The common electrode 16 having a mesh pattern is
It is easily formed by printing a conductive paste, for example, a gold paste. At this time, it is preferable that the width of the line forming the mesh is 200 to 500 μm. Also,
The mesh pattern does not need to be a complete mesh, and may be in a state where the mesh is crushed due to, for example, insufficient printing accuracy or sagging during firing. In short, it is only necessary that a mesh-like uneven pattern is formed.

The common electrode 16 is usually connected to a flexible wiring board for connection to a drive circuit. This flexible wiring board is mechanically joined to the common electrode 16 by being pressure-bonded via an anisotropic conductive film, and is simultaneously electrically connected.

Further, a cover glass may be formed to cover the common electrode 16, so that the surface of the common electrode 16 is protected from moisture, dirt and the like.

When the common electrode 16 has a solid pattern, if the common electrode 16 is covered with the cover glass as described above, the stress due to the sintering of the cover glass is superimposed, and cracks are generated at the edges of the cover glass, which may cause disconnection.

On the other hand, if the common electrode 16 is formed in a mesh pattern, the possibility of cracking becomes extremely small even when stress due to sintering of the cover glass is superimposed.

Further, in the portion where the flexible wiring board is joined, the stress applied to the interface between the material forming the common electrode 16 and the lower substrate 8 (glass) is reduced, and the portion is not easily peeled.

Further, in the case of bonding by pressure bonding with an anisotropic conductive film, it is preferable that the surface has moderate irregularities because the adhesion is improved, and this is also preferable.

The specific embodiment to which the present invention is applied has been described above. However, it is needless to say that the present invention is not limited to this example, and various modifications are possible.

For example, the plasma address display panel has been described as an example, but the image display panel can also be applied to an ordinary plasma display panel or the like.

[0051]

As is apparent from the above description, according to the present invention, peeling and cracking of the common electrode can be prevented, and a highly reliable image display device without disconnection can be provided. It is.

[Brief description of the drawings]

FIG. 1 is a schematic perspective view showing a configuration example of a plasma addressed display device with a part cut away.
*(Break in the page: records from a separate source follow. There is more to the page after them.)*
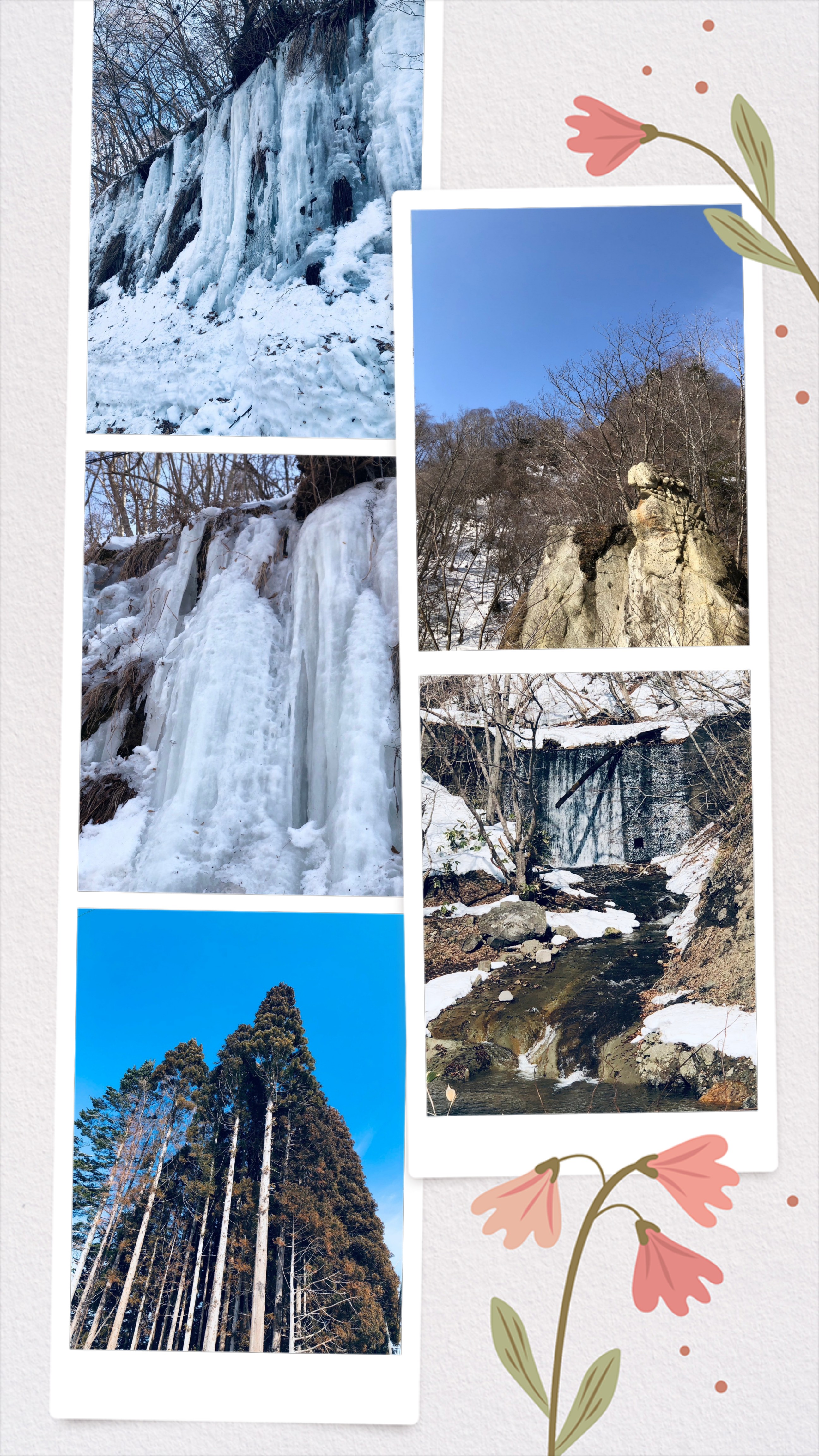 鳥崎八景への道も雪解けが進み流れに沿って凍った形がとても綺麗です( /^ω^)/♪♪
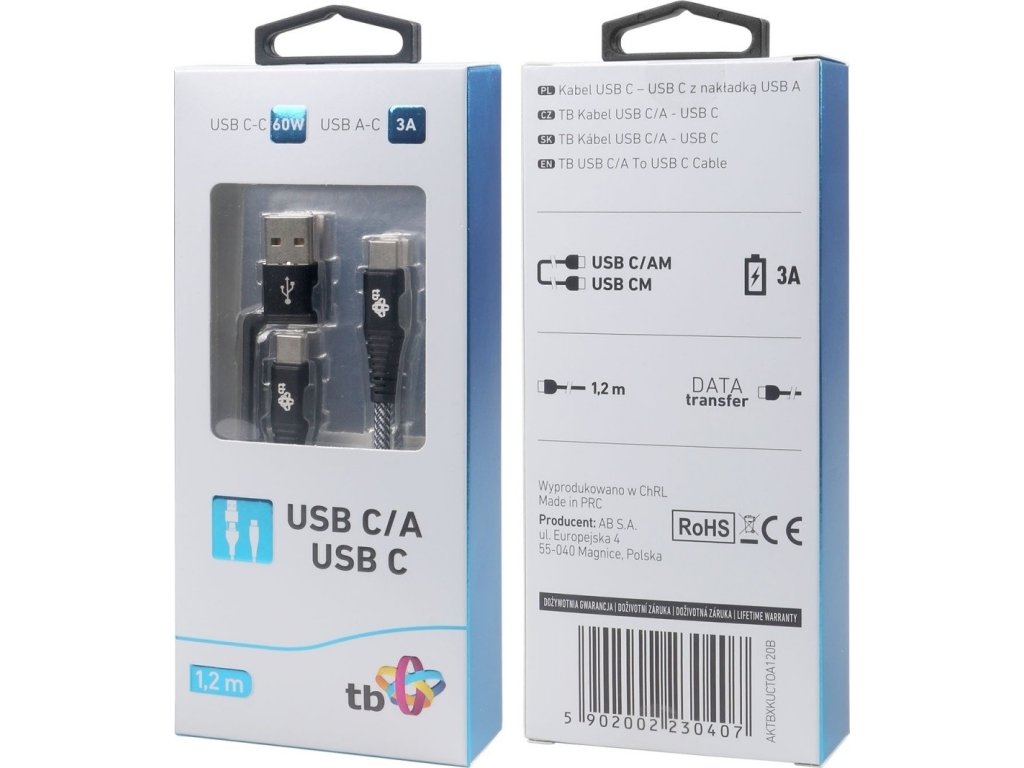 TB Touch 2v1 kabel USB-C - USB C s USB A, 1,2m
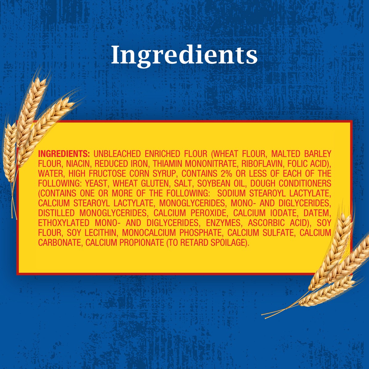 Unbleached Enriched Flour (Wheat Flour, Malted Barley Flour, Niacin, Reduced Iron, Thiamin Mononitrate, Riboflavin, Folic Acid), Water, High Fructose Corn Syrup, Contains 2% or Less of Each of the Fol…
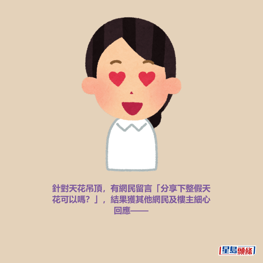 針對天花吊頂,有網民留言「分享下整假天花可以嗎?」,結果獲其他網民及樓主細心回應。有網民推薦「集成鋁扣板,廚房同洗手間必揀!我屋企全靠佢防油煙同水氣,壞咗單塊都可以換㗎」,樓主則提供了安裝方法「四邊鋁角鐵、玻璃膠固定、度尺網上買天花鋁板(尺寸要訂制)裝上去就可以」。
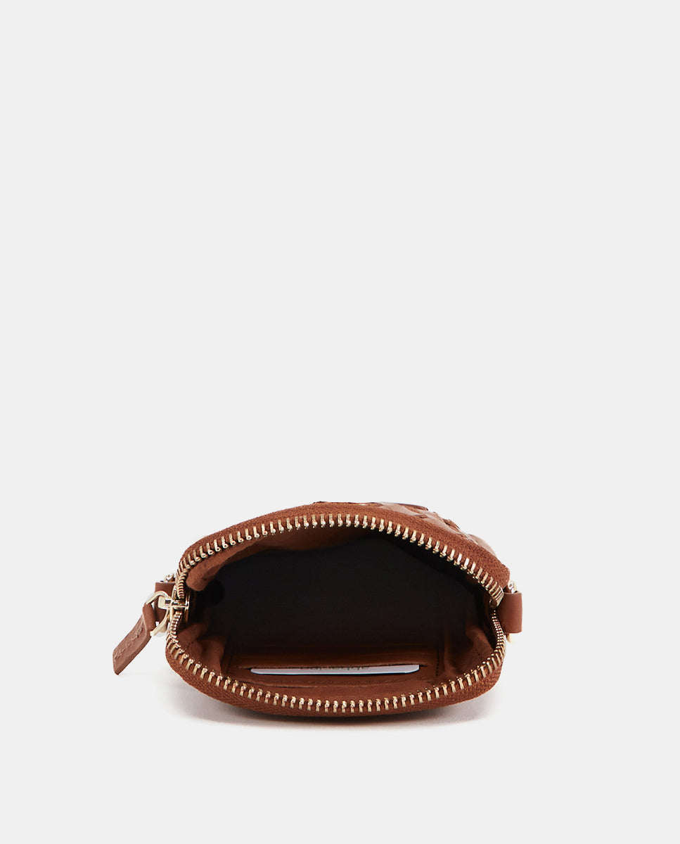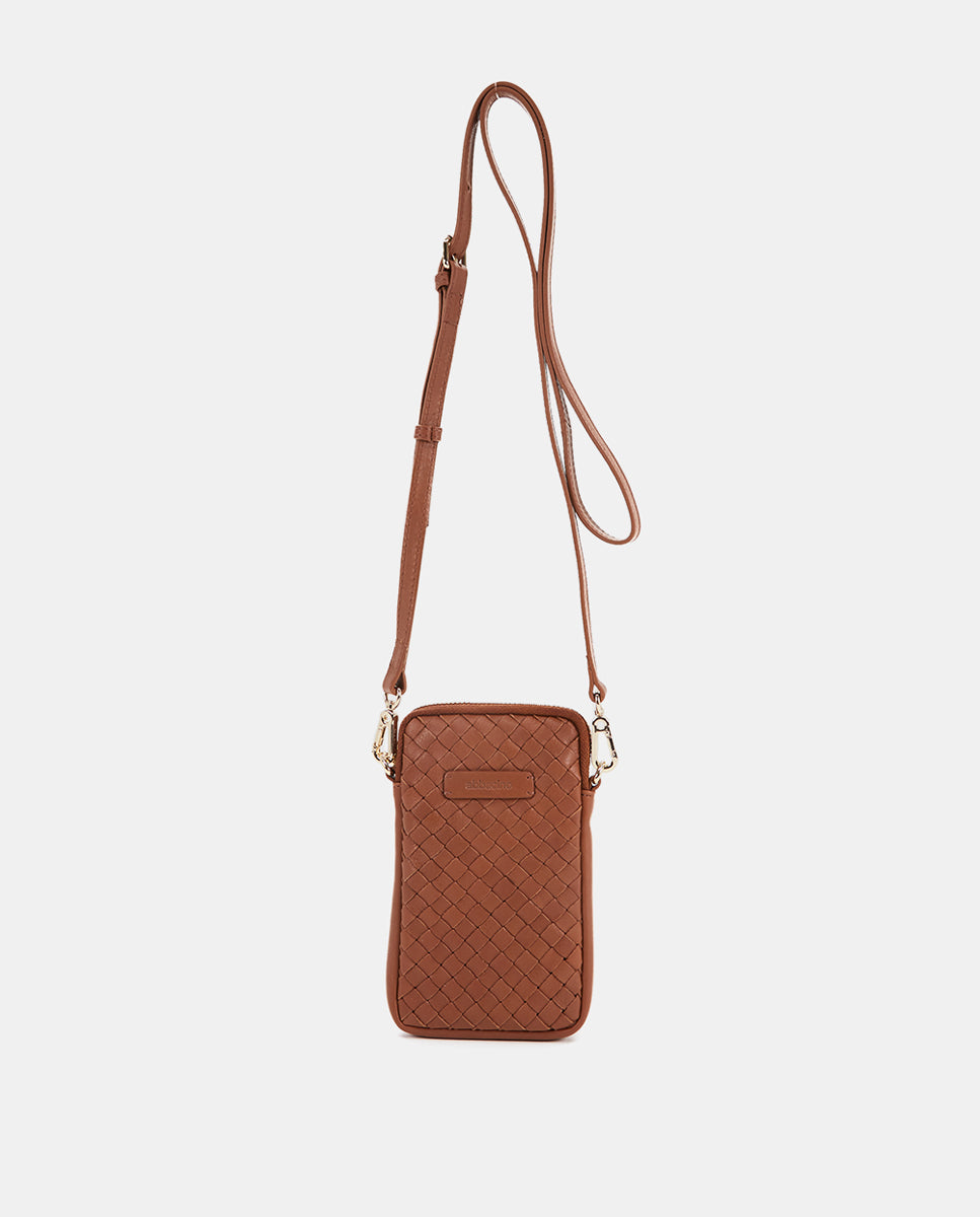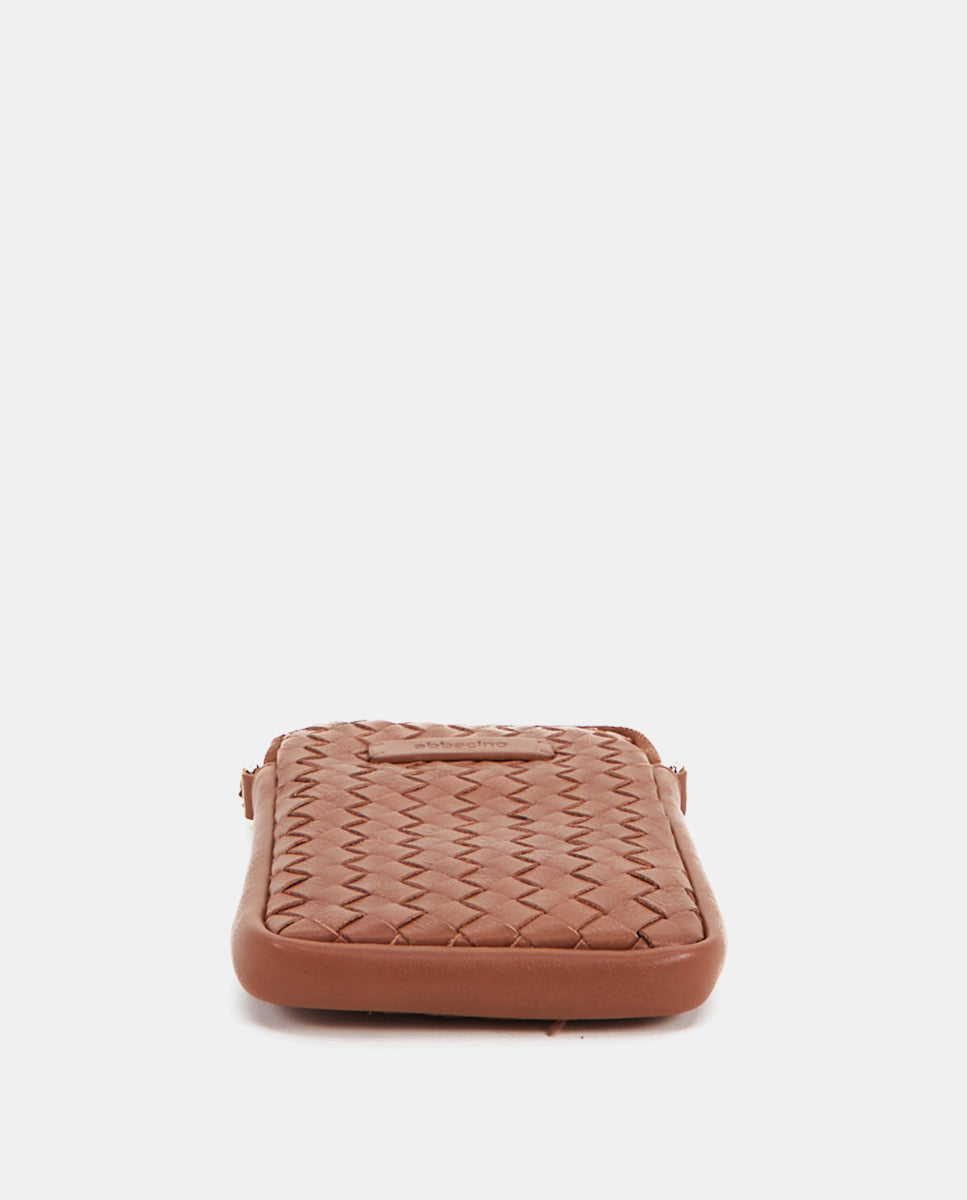 Braided leather mobile phone bag in cognac

FIG. 2 is a schematic sectional view illustrating a configuration example of a plasma addressed display device.

FIG. 3 is a schematic diagram showing an arrangement of data electrodes, discharge electrodes, and discharge channels.

FIG. 4 is a schematic plan view schematically illustrating a planar arrangement of terminal electrodes and a common electrode.

[Explanation of symbols]

1 electro-optical display cell, 2 plasma cell, 3 dielectric sheet, 4 upper substrate, 5 data electrodes, 7 liquid crystal layer, 8
Lower electrode, 9A anode electrode, 9K cathode electrode,
10 partition, 11 frit seal, 14 cover glass, 15 terminal electrode, 16 common electrode

Claims (3)

[Claims] 1. An image display panel comprising a plurality of substantially parallel drive electrodes formed on one principal surface of a substrate, and one end of each of the drive electrodes connected to a common electrode. An image display panel having a mesh pattern. 2. The image display panel according to claim 1, wherein a flexible wiring board for external connection is joined to said common electrode via an anisotropic conductive film. 3. A dielectric thin plate is disposed on the substrate with a predetermined gap, and a plasma cell is formed by sealing the periphery with a sealing portion. The image display panel according to claim 1, wherein a second substrate on which an electrode substantially orthogonal to the electrode is formed is overlapped via an electro-optic material layer.